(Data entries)

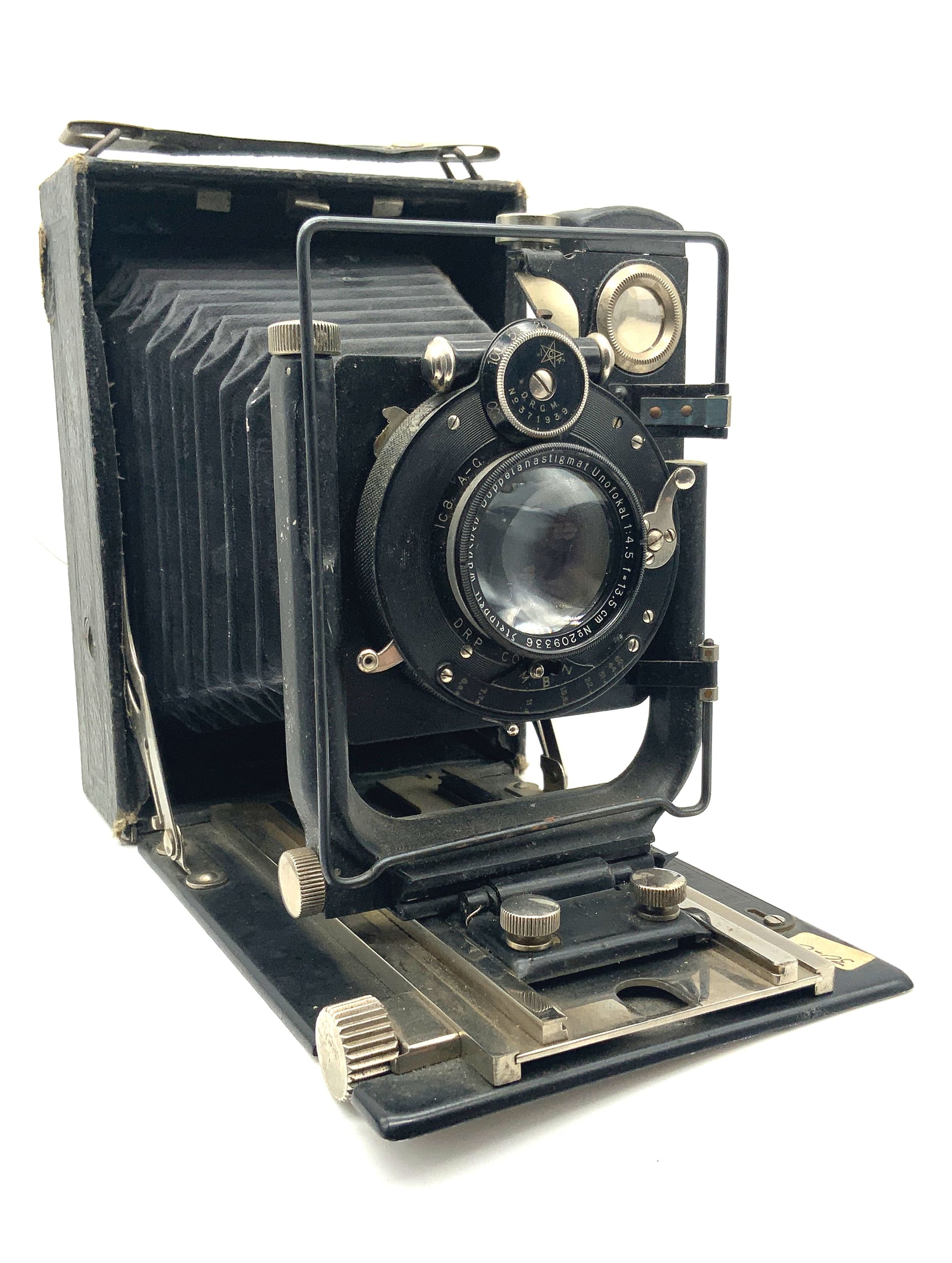 Diese klassische Plattenkamera ist ein echtes Stück Fotografiegeschichte. Sie wurde sorgfältig geprüft und ist technisch funktionsfähig: Der Verschluss arbeitet, der Balgen ist lichtdicht und der Auszug lässt sich nutzen.
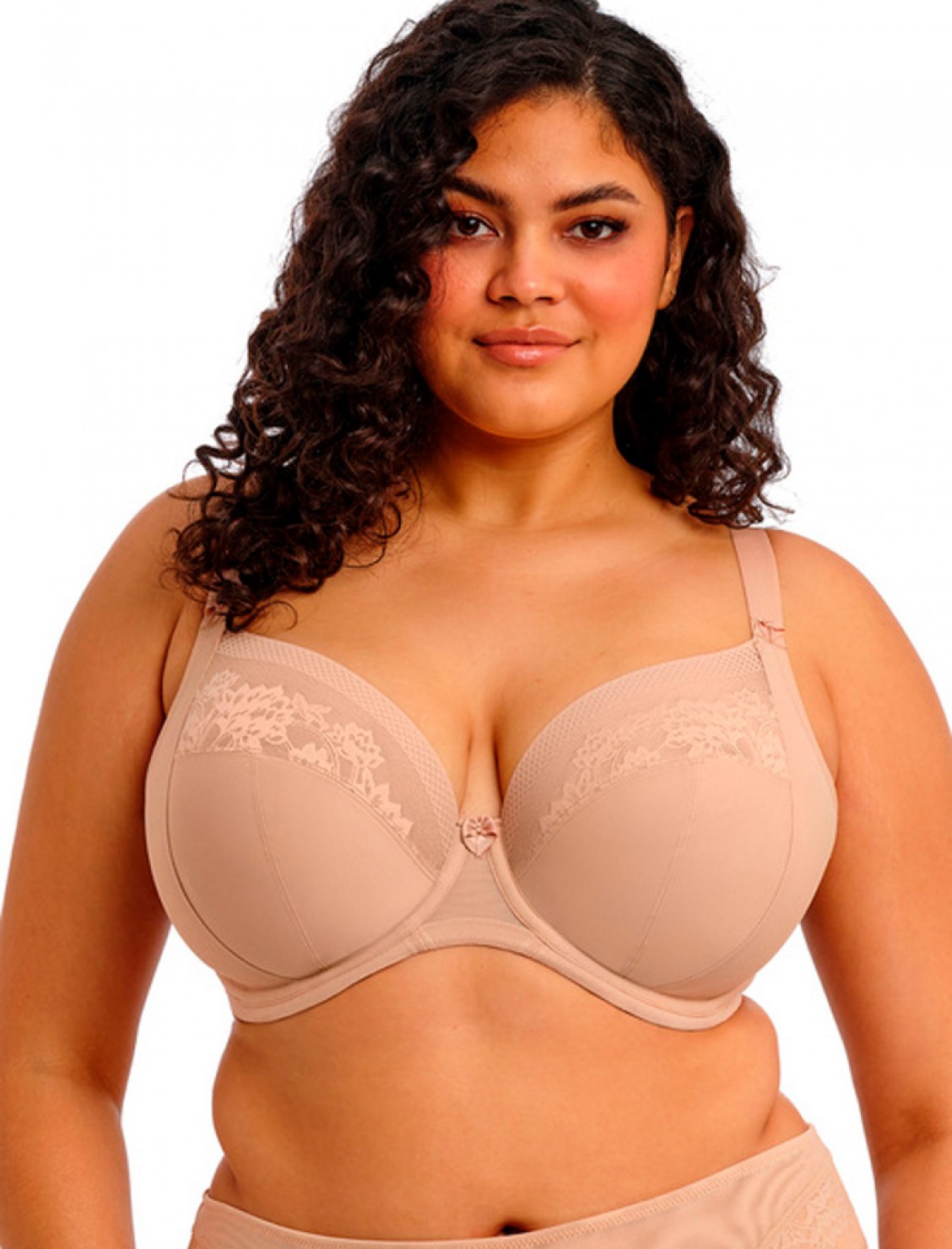 Sujetador Nerina de Elomi (EL302734SAH) en Dune. Sujeta, eleva y envuelve con encaje suave y copa sin relleno. Ideal para pecho generoso que busca sujeción sin renunciar al estilo.
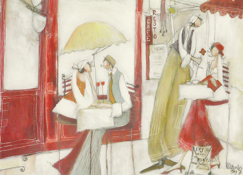 Obrázek 13x18, postavy v kavárně, rám bílý s patinou
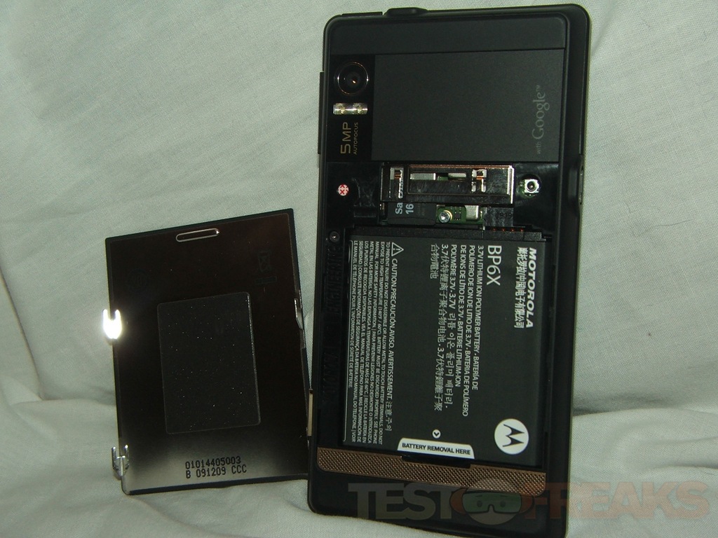 A nice surprise is that a 16gb microSD card is included with the Droid, that should be more than enough for most anything you need to take with you. The microSD card slot is under the battery cover, but you’ve got to remove the battery to access the card. I don’t like that at all, why should I have to power down the phone to access the memory card?
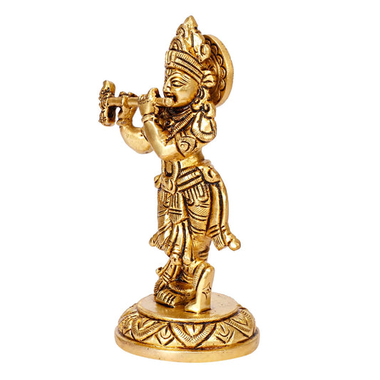 Brass Lord Krishna Idol with Flute Kanha Ji ki Murti Idols For Puja Decor Gift Gold Color Height 6 Inches
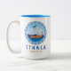 Taza de café de dos tonos de Ítaca, Grecia con un diseño de un barco griego antiguo y letras de estilo griego. Este diseño de barco de la antigua Grecia tiene la llave griega en un diseño de círculo con el mar y el cielo. Este diseño de estilo griego hace que esta taza sea un regalo ideal o un recuerdo o para beber café mientras está de vacaciones en la isla de Ítaca.
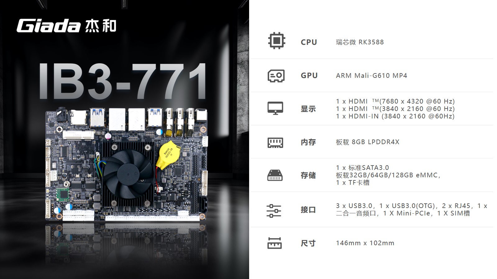 博天堂(btt)工业级ARM主板IB3-771采用瑞芯微RK3588处理器,内置G610 MP4 GPU,拥有6 TOPS算力的NPU,支持8K视频硬件解码编码及多摄像头输入,支持eDP/DP/ HDMI2.1/MIPI 多种显示接口。
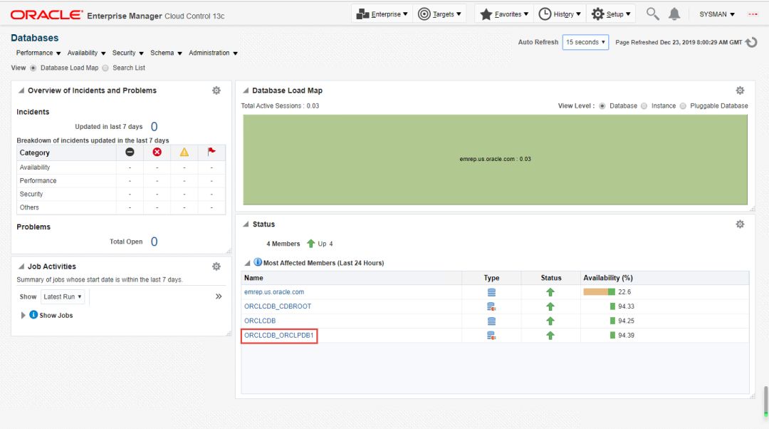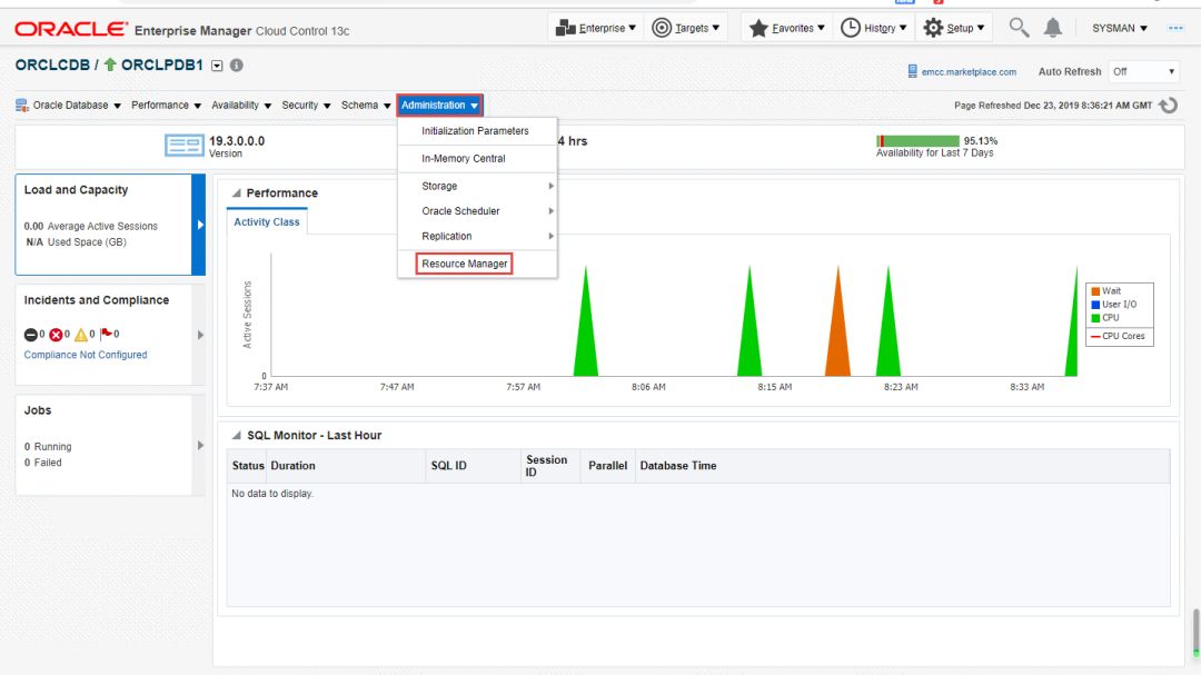 第二步:进入EM13c来到ORCLPDB1这个PDB

_What you have to do:_
Find the line that contains "Taza de café", then write out that line and every line after it through the end of the records, exactly. Leave the pictures out.

_Solution below:_
 Taza de café de dos tonos de Ítaca, Grecia con un diseño de un barco griego antiguo y letras de estilo griego. Este diseño de barco de la antigua Grecia tiene la llave griega en un diseño de círculo con el mar y el cielo. Este diseño de estilo griego hace que esta taza sea un regalo ideal o un recuerdo o para beber café mientras está de vacaciones en la isla de Ítaca.
 博天堂(btt)工业级ARM主板IB3-771采用瑞芯微RK3588处理器,内置G610 MP4 GPU,拥有6 TOPS算力的NPU,支持8K视频硬件解码编码及多摄像头输入,支持eDP/DP/ HDMI2.1/MIPI 多种显示接口。
 第二步:进入EM13c来到ORCLPDB1这个PDB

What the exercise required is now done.